Segment Open

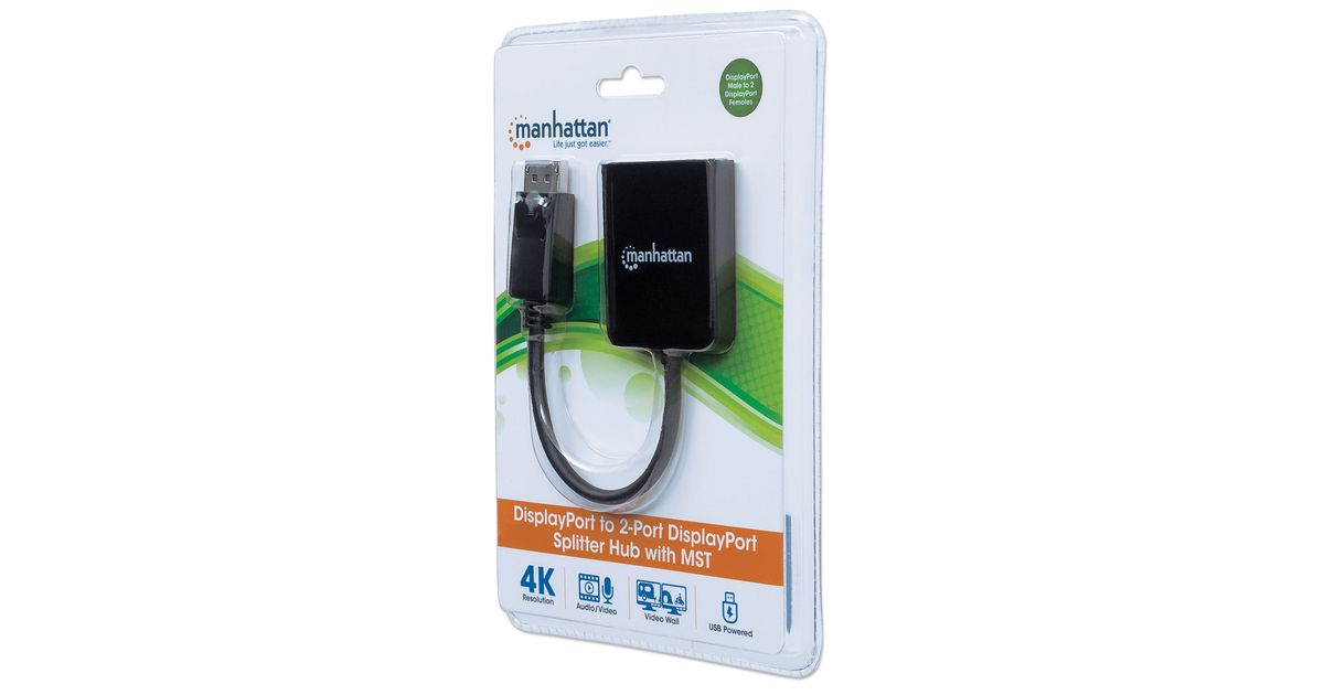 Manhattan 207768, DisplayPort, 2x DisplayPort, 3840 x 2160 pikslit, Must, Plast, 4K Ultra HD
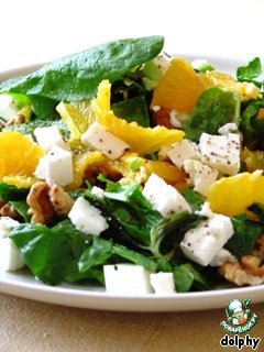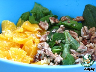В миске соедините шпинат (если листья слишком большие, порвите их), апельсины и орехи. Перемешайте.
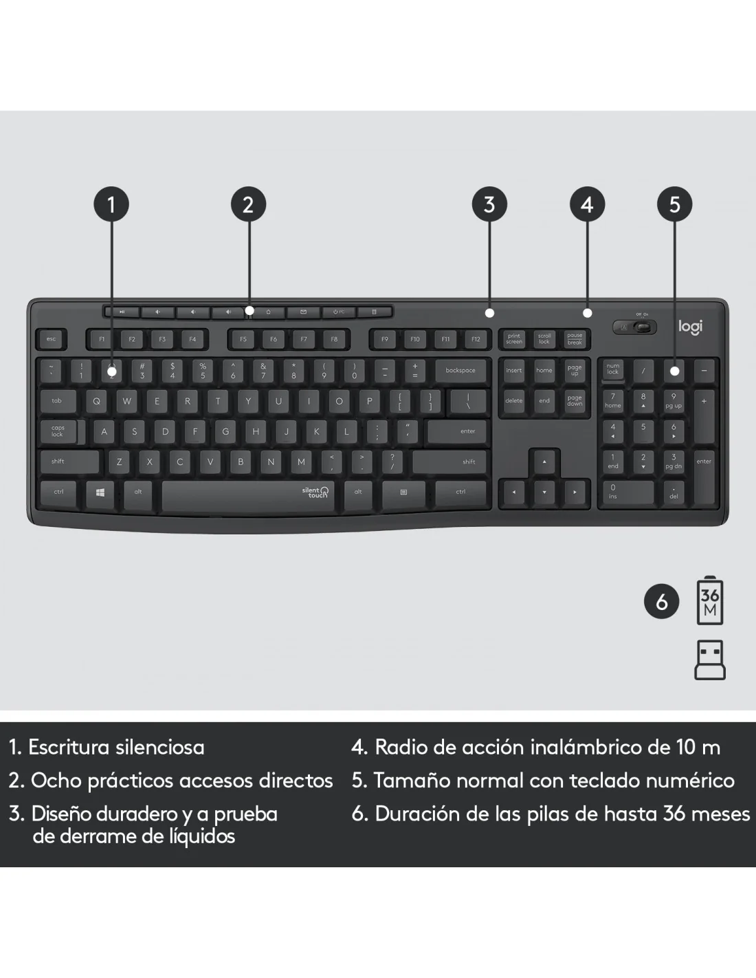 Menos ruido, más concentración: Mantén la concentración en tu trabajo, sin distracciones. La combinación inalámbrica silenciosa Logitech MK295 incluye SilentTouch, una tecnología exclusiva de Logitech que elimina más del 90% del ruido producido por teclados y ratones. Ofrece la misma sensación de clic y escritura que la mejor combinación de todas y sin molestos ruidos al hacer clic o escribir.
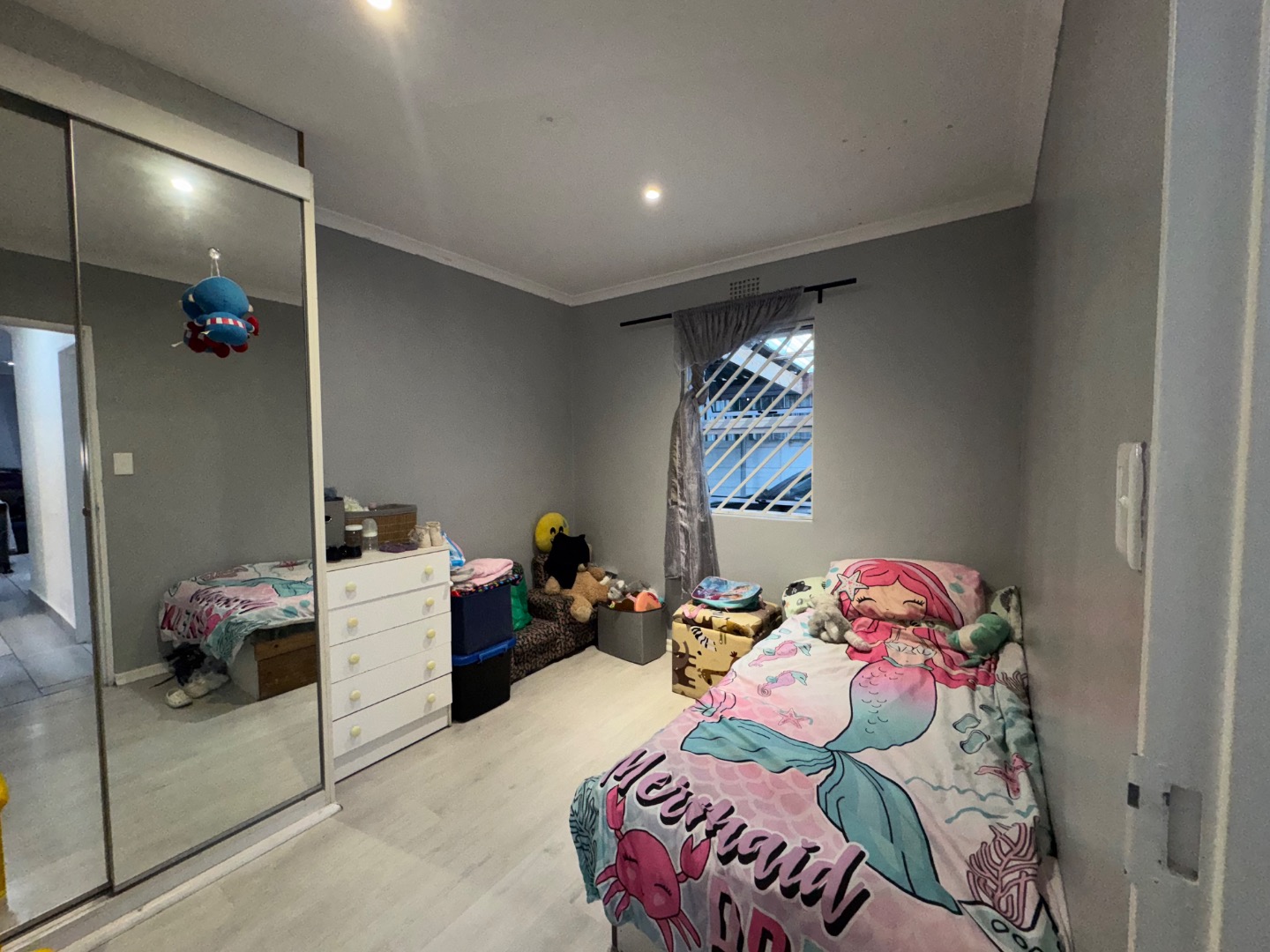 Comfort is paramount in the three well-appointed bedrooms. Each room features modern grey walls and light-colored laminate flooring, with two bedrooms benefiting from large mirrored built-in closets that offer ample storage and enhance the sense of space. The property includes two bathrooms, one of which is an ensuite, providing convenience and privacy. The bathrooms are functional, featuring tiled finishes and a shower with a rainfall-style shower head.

Segment Closed
Segment Open

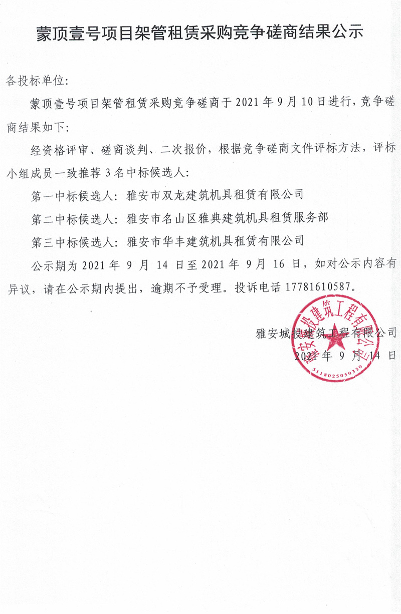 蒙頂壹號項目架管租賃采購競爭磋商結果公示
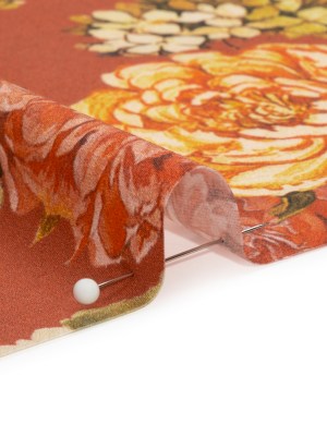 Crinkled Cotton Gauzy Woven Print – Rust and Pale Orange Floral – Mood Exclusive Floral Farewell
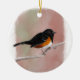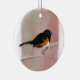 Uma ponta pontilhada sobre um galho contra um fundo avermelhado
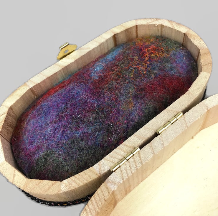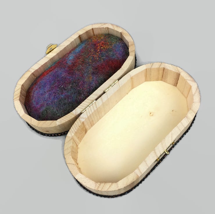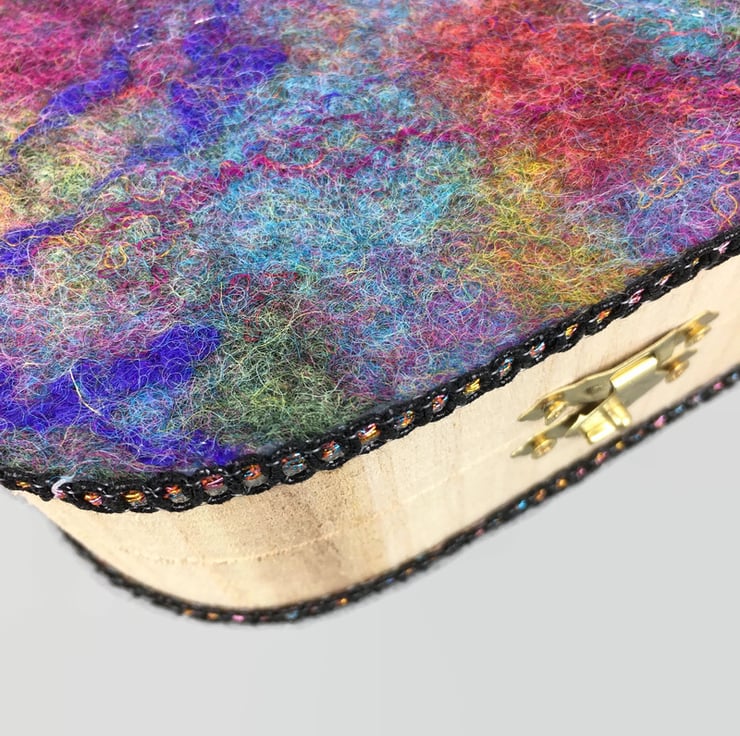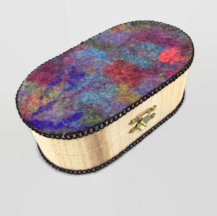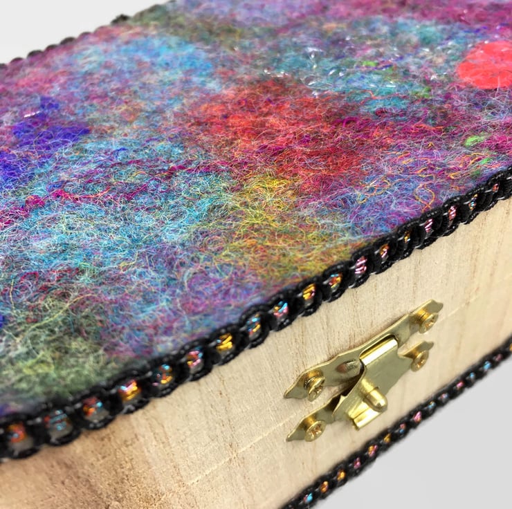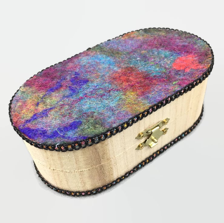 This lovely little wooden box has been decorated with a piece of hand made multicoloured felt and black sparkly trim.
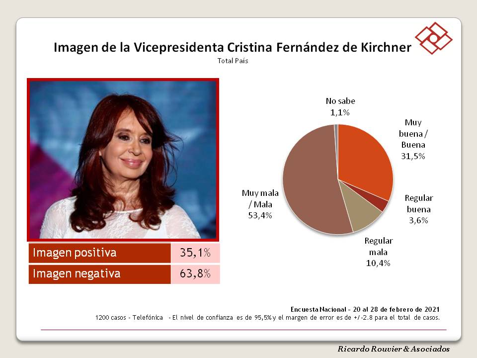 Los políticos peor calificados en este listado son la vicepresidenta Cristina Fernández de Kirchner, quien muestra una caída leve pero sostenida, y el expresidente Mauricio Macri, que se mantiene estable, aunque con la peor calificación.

Segment Closed
Segment Open

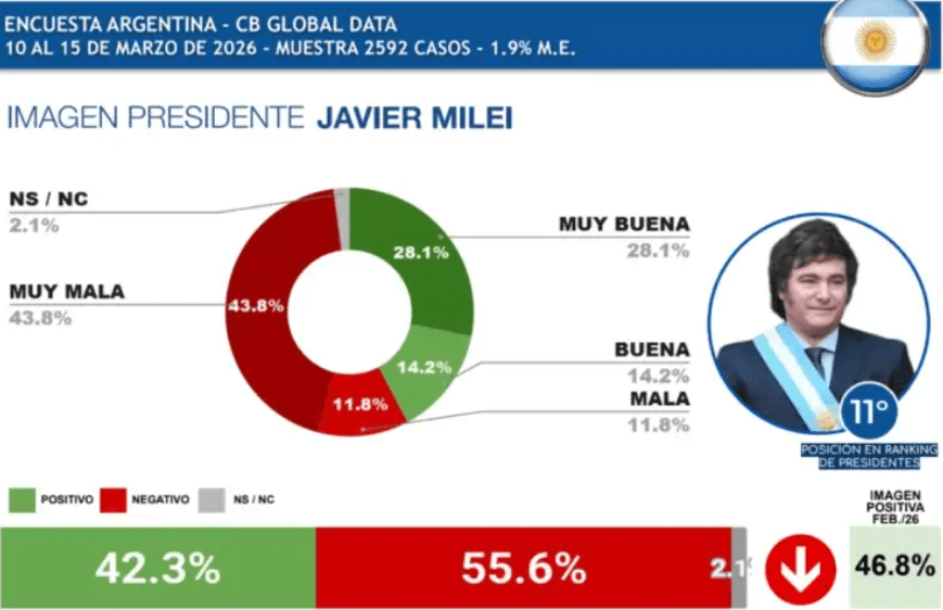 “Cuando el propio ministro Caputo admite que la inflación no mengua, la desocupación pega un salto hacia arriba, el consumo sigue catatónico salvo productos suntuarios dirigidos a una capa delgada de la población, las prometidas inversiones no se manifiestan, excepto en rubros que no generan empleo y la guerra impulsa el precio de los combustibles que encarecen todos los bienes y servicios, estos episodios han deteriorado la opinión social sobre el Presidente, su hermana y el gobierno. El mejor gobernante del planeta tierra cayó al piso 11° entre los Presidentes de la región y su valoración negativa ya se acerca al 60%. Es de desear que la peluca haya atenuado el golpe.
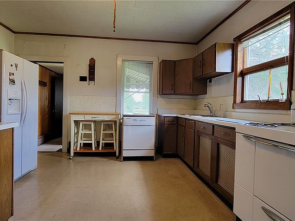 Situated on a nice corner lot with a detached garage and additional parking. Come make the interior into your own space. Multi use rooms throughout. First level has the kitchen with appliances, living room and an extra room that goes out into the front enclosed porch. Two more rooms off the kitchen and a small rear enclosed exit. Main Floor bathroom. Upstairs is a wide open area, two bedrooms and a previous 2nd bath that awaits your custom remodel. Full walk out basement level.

Segment Closed

### Aim of the task
Pictures excluded, reproduce only the part above that opens with the line holding "Manhattan 207768, DisplayPort, 2x" and closes with the line holding "В миске соедините", exactly as written.

### Output for this exercise
 Manhattan 207768, DisplayPort, 2x DisplayPort, 3840 x 2160 pikslit, Must, Plast, 4K Ultra HD
В миске соедините шпинат (если листья слишком большие, порвите их), апельсины и орехи. Перемешайте.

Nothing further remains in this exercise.